** Supplied data follows **

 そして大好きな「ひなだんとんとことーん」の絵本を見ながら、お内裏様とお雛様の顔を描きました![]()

** End of Supplied data **
** Supplied data follows **

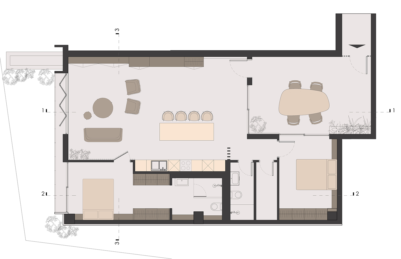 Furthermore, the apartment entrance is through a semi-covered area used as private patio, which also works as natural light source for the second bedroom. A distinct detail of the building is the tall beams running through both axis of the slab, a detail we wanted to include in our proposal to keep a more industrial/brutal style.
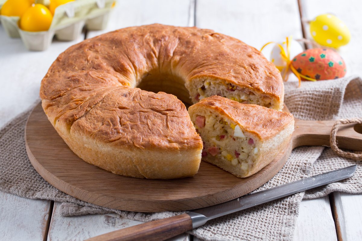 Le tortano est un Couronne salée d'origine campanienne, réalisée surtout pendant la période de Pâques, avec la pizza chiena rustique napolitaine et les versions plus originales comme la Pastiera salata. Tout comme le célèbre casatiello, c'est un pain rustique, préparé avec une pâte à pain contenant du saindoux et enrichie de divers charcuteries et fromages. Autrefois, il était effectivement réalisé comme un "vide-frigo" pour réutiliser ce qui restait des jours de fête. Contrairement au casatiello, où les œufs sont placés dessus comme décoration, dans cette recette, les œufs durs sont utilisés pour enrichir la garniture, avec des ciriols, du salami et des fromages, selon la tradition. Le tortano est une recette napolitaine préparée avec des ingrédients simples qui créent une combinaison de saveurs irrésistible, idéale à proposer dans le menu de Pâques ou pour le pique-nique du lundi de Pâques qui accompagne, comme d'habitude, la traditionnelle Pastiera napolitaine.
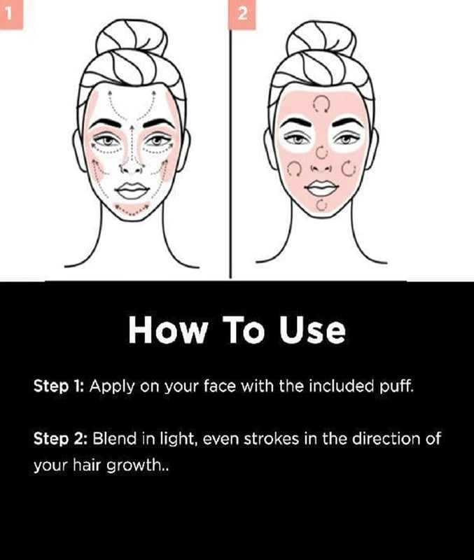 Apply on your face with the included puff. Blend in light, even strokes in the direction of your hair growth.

** End of Supplied data **
** Supplied data follows **

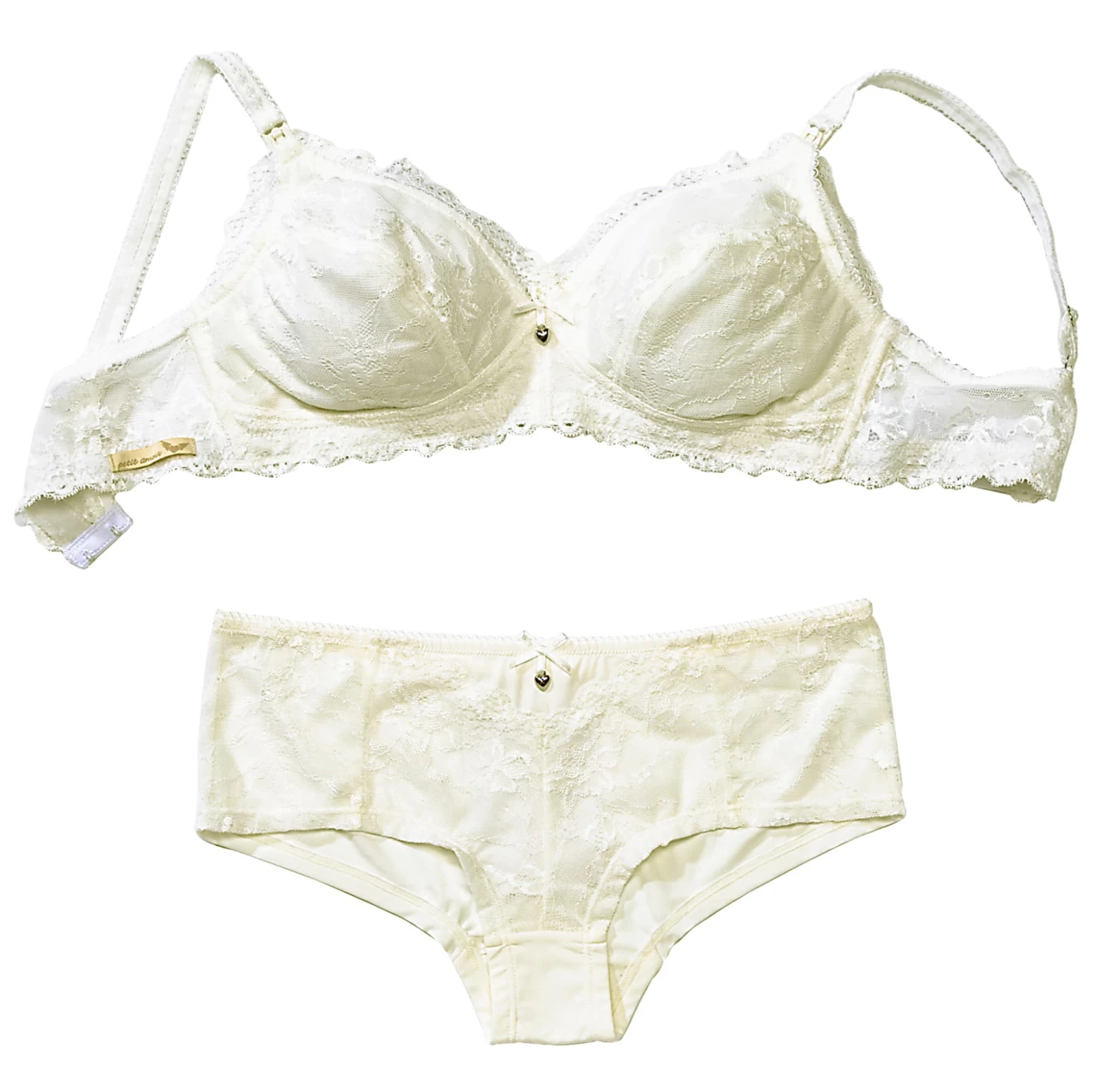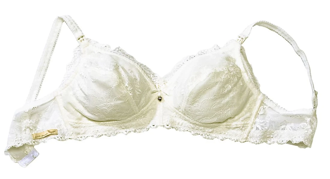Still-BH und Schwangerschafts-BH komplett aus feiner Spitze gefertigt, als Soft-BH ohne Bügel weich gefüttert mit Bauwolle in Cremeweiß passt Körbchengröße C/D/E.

** End of Supplied data **

**What is needed**
Out of the records above, please copy exactly the lines from the line with "Le tortano est un Couronne" up to and including the line with "Apply on your", minus the pictures.

**Response for this exercise**
 Le tortano est un Couronne salée d'origine campanienne, réalisée surtout pendant la période de Pâques, avec la pizza chiena rustique napolitaine et les versions plus originales comme la Pastiera salata. Tout comme le célèbre casatiello, c'est un pain rustique, préparé avec une pâte à pain contenant du saindoux et enrichie de divers charcuteries et fromages. Autrefois, il était effectivement réalisé comme un "vide-frigo" pour réutiliser ce qui restait des jours de fête. Contrairement au casatiello, où les œufs sont placés dessus comme décoration, dans cette recette, les œufs durs sont utilisés pour enrichir la garniture, avec des ciriols, du salami et des fromages, selon la tradition. Le tortano est une recette napolitaine préparée avec des ingrédients simples qui créent une combinaison de saveurs irrésistible, idéale à proposer dans le menu de Pâques ou pour le pique-nique du lundi de Pâques qui accompagne, comme d'habitude, la traditionnelle Pastiera napolitaine.
 Apply on your face with the included puff. Blend in light, even strokes in the direction of your hair growth.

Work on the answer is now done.